This week has been a turning point in the United States. I want to make sure you see PPI President and Founder Will Marshall’s statement on the killing of George Floyd, and the commitment PPI is taking to come up with new ideas to fight systemic racism in the United States.
The coronavirus pandemic has had a disproportionate impact on communities of color. Essential workers — in direct care, grocery stores and delivery — are disproportionately Black. Essential workers are more likely to get the virus because their jobs don’t lend themselves to social distancing and working from home. Further compounding the damage the virus has caused, people who have lost their jobs are also more likely to be Black, particularly hurt are Black women of whom almost 19 percent lost their job since February.
The virus has also laid bare disparities in health status by race in the United States. Black Americans are 3.5 times as likely to die from Covid-19 than white Americans. This is partly because the virus is more lethal to people with underlying health conditions and people of color are 1.5 to 2 times more likely than white Americans to have chronic diseases, like type 2 diabetes and obesity because of systemic barriers to housing, income and education which all affect health status.
Solving racial discrimination in medicine is not an easy task. It is built upon years of systemic racism, reasonable distrust, and unconscious biases of medical practitioners.
But there are some policy levers that could help.
Make health insurance more affordable. Cost is the main reason people remain uninsured. Even before the Covid-19 pandemic, Black workers were 60 percent more likely than white workers to be uninsured. By focusing on ways to bring down health care costs — such as introducing a price cap on medical care and increasing subsidies for Affordable Care Act health plans — insurance will be more affordable for all Americans.
Address social determinants of health. Insurance coverage is a first step but it will not by itself address racial disparities in health. Health status is a product of more than medical care — things like safety, housing, education, transportation, and nutrition all impact a person’s health. Federal agencies like the departments of education, health, and housing should collaborate to create new programs to ensure that people get not just health care, but also the housing, education, and other things that health outcomes depend on. To have additional funding for these types of programs, it is paramount to lower overall health care spending. States should also have greater flexibility to spend Medicaid dollars on housing and other social determinants that can reduce health care expenditures.

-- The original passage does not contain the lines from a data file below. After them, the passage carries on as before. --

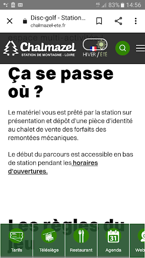 Très déçu de la station de Chalmazel, sans aucun amalgame avec la région du Forez, qui est magnifique et où les habitants sont très sympathiques. Venus en famille un vendredi de juillet 2024 après avoir repéré sur internet l'activité de disc’golf que notre fils de 12 ans voulait faire avec très grand enthousiasme. Activité mentionnée gratuite sur le site internet de la station (cf capture d'écran jointe) avec prêt du matériel sur place, mais surprise, à l'accueil des remontées mécaniques où on nous avait indiqué qu'il fallait se présenter, on nous dit qu'il faut prendre un forfait pour accéder à l'activité ! Malgré notre protestation et la présentation à la salarié du site internet qui mentionne la gratuité, la réponse est simplement que ce n'est plus gratuit comme avant. Aucune réponse de celle ci lorsque nous lui disons que le site de la station devrait dans ce cas le mentionner. Nous décidons tout de même de nous rendre à pied sur le terrain en question où il n'est nullement nécessaire de prendre les remontées mécanique car à 2 pas du bas des pistes. Les lieux sont totalement déserts, d'ailleurs comme quasiment tout le reste de la station un vendredi de juillet à 15 h ! Personne dans la cabane jouxtant le terrain pour mettre à disposition le matériel contrairement à ce que nous avait dit la personne de l'accueil. Heureusement que l'on avait pas pris de forfait (c'était de toute façon une question de principe). Grosse publicité mensongère et arnaque à touristes. Dommage, en étant plus commerçant et surtout en respectant ses engagements, on aurait sûrement consommé autre chose sur place et fait vivre la station. On serait certainement revenus pour des activités payantes. Alors que maintenant, nous sommes décidé à ne plus y revenir. 24 km en voitures réalisés pour rien et grosse déception d'un petit garçon de 12 ans. C'est pas comme ça que vous allez vous en sortir les...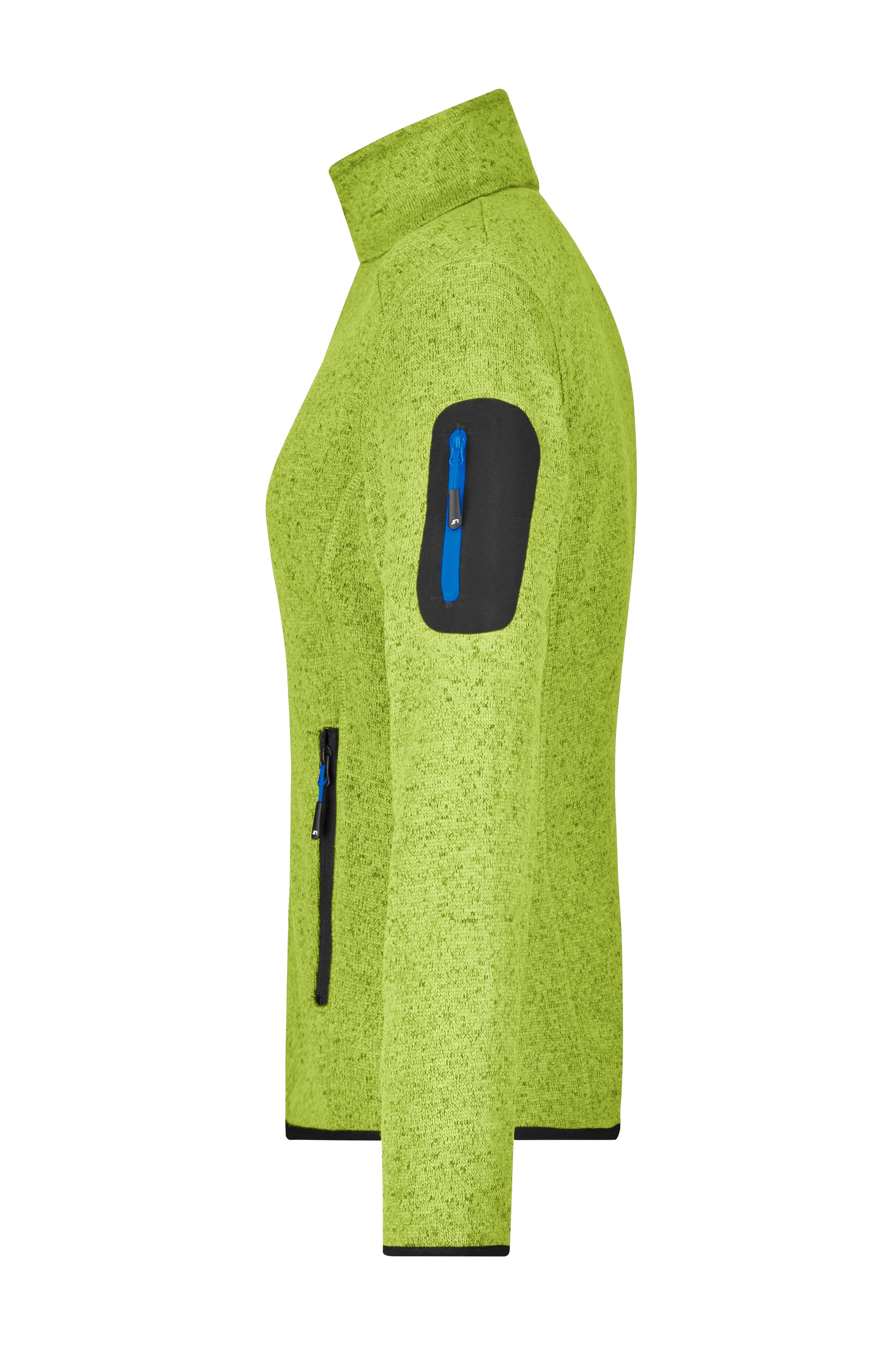 Strickfleece in Melange-Optik liegt im Trend, die weiche Fleece-Oberfläche gepaart mit einer kernigen Strickung ergibt eine sehr hochwertige und robuste Jacke, die sowohl in der Freizeit als auch auf der Arbeit ihren Einsatz findet.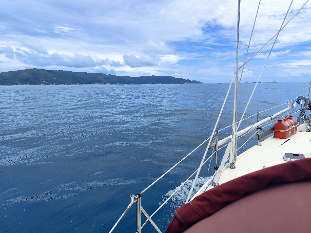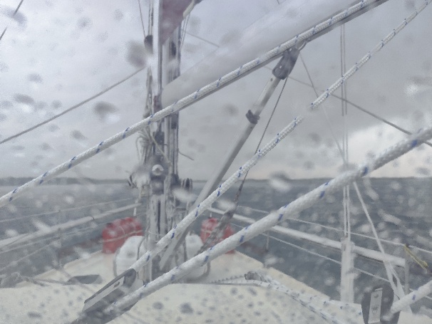 Entweder knallt der Rumpf aufs Wasser und das ganze Schiff vibriert oder aber der Bug taucht richtig in die Welle ein und das Wasser spritzt bis zum Cockpit. Entsprechend machen wir auch wenig Fahrt.

Address bias in medicine. Health care workers need to better understand the ways in which implicit and explicit bias can affect the care they provide in order to counteract centuries of racism. Sen. Kamala Harris’s Maternal CARE Act, and the accompanying House version, would authorize $150 million to programs that seek to help medical professionals identify high-risk pregnancies and establish implicit-bias training curriculum for medical schools. This type of training should be taught across all disciplines.
Make health care workers more reflective of the population. A more diverse workforce can improve outcomes for Black Americans. Using existing programs like the National Health Service Corps, which provides loan forgiveness and scholarships to workers who practice in underserved areas, the federal government could recruit more medical and nursing students from minority communities. Additionally, boosting funding to medical schools at historically black colleges and universities could increase the number of Black physicians and nurses.
Make scientific research more inclusive. In 2009, the NIH changed its grant review process in an effort to make it more racially equitable yet a new study finds that between 2014–2016, only 10 percent of Black applicants got NIH funding, compared to around 19 percent of white applicants. On the flip side, Black Americans are overrepresented in clinical trials that don’t require informed consent and underrepresented in cancer clinical trials. Undoing these racial disparities in scientific research will help improve the practice of medicine.